Overall, retail lending has been growing over the last two years and was up 30% in 2019, according to the NBU, but its volume remains about a quarter of the size of corporate lending which has been doing less well.

Consumer loans can help finance an economic boom and played a key role in this respect during Russia’s boom years in the noughties. However, in Ukraine the volume of consumer loans has not reached the critical mass needed to start the virtuous circle of spending-profits-investment-pay rises turning.

While corporate lending recovered between the middle of 2016 and 2018, since November 2018 it has fallen off again, pulling the overall volume of new loans made in 2019 down to a mild contraction from UAH847bn in January 2019 to UAH822bn as of this January.

With the overnight central bank rate of 11% (and a real interest rate of a punishingly high c.9%) the cost of capital in Ukraine is still too high for bank credits to be a viable source of investment capital. The NBU has made a series of very deep rate cuts in the last few months and is almost certain to continue this policy in 2020 so corporate loans may improve as the year wears on.

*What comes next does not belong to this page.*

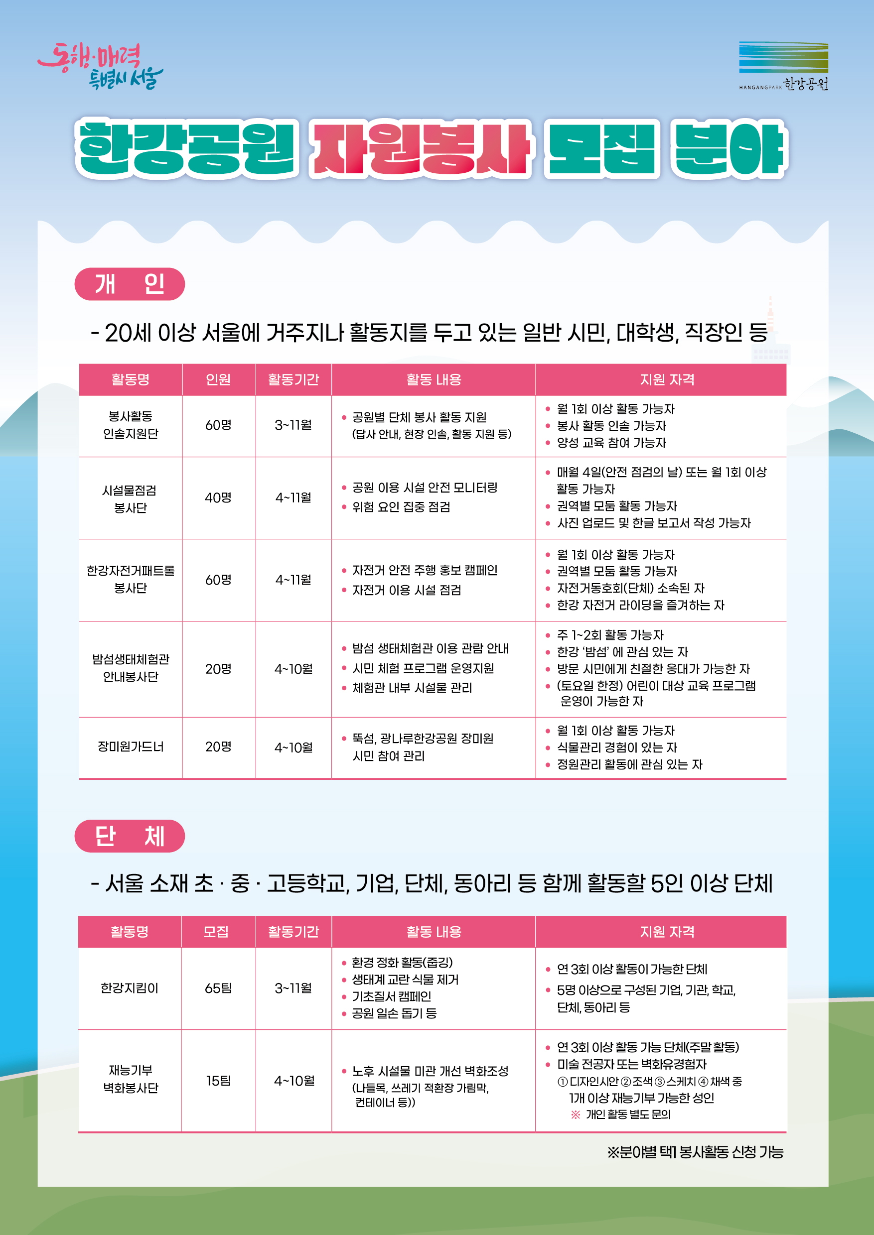 정보공유 [모집] 2024 한강공원 자원봉사자 모집 관리자 2024.02.20 1222 이전글 [홍보] 2024년도 농촌재능나눔(농촌맞춤형봉사활동지원) 일반/지역단체 활동지원사업 공모 목록 다음글 [공유] 스케일업 프로젝트 임팩트 보고서 발간 안내

Having said that the government has been trying to support credits, especially to small and medium-sized enterprises (SMEs), as a way of boosting economic growth. Almost 17,000 small and medium-sized businesses signed up for the government's new Credits 5-7-9% before the programme was launched at the start of February. Prime Minister Honcharuk wrote on Facebook: “No exaggeration: Ukrainian small businesses were waiting for this programme. Already before the official launch we received almost 17 thousand preliminary applications.”

NPLs

Part of the reason for the low level of corporate loans is the bankers themselves are also reluctant to lend to companies and complain there are not enough high quality borrowers to lend to and build up their credit portfolios.

Bankers are still shy of dealing with large corporate loans as they are still holding a huge amount of NPLs on their books from the crisis years. Part of the reason that net interest income has been doing well in the last year is that slowly the recoverable of these NPLs are being paid off and that is the main credit business rather than the extending of new loans.

During the crisis years typically rather than write off the loans and book the loss, bankers simply restructured the loans, extending the terms indefinitely until such time as a client was able to re-start making the payments. It seems that Ukraine has reached that point now as NPLs fell to below 50% of all outstanding loans for the first time in years by the end of 2019. NPLs were 48.4% as of January 1, a reduction of 4.5 percentage points compared January a year earlier.

Loan portfolio quality improved across all bank groups, except banks with Russian capital, which have been sanctioned by the NBU and are essentially unable to operate in Ukraine now.

The new retail lending seen in 2019 has also helped to improve the quality of loan books as banks are being more careful about who they lend to: in 2019 the share of non-performing retail loans fell by 11.9 pp to 34.1%. At the same time the two major state-owned banks restructured more than UAH30bn ($1.2bn) of laons via the mechanism of voluntary financial restructuring which also improved the quality of the loan book. "Considering these actions, the state-owned banks (save for PrivatBank) reduced the share of NPLs from 55% to 49%," the NBU said in a statement in January. PrivatBank’s NPLs remained the highest in the sector at over 80% as of the end of last year.

Among other factors that improved the credit quality of the sector was efforts by banks with foreign capital to clean up their balance sheets by selling or writing down NPLs on the account of loss allowance. The share of NPLs in foreign group banks (except Russian banks) fell from 23.1% to 16% in 2019.

Finally the strong appreciation of the domestic currency in 2019, which was up some 14%, also helped by reducing the hryvnia equivalent in NPLs denominated in foreign currency, which also remains significant.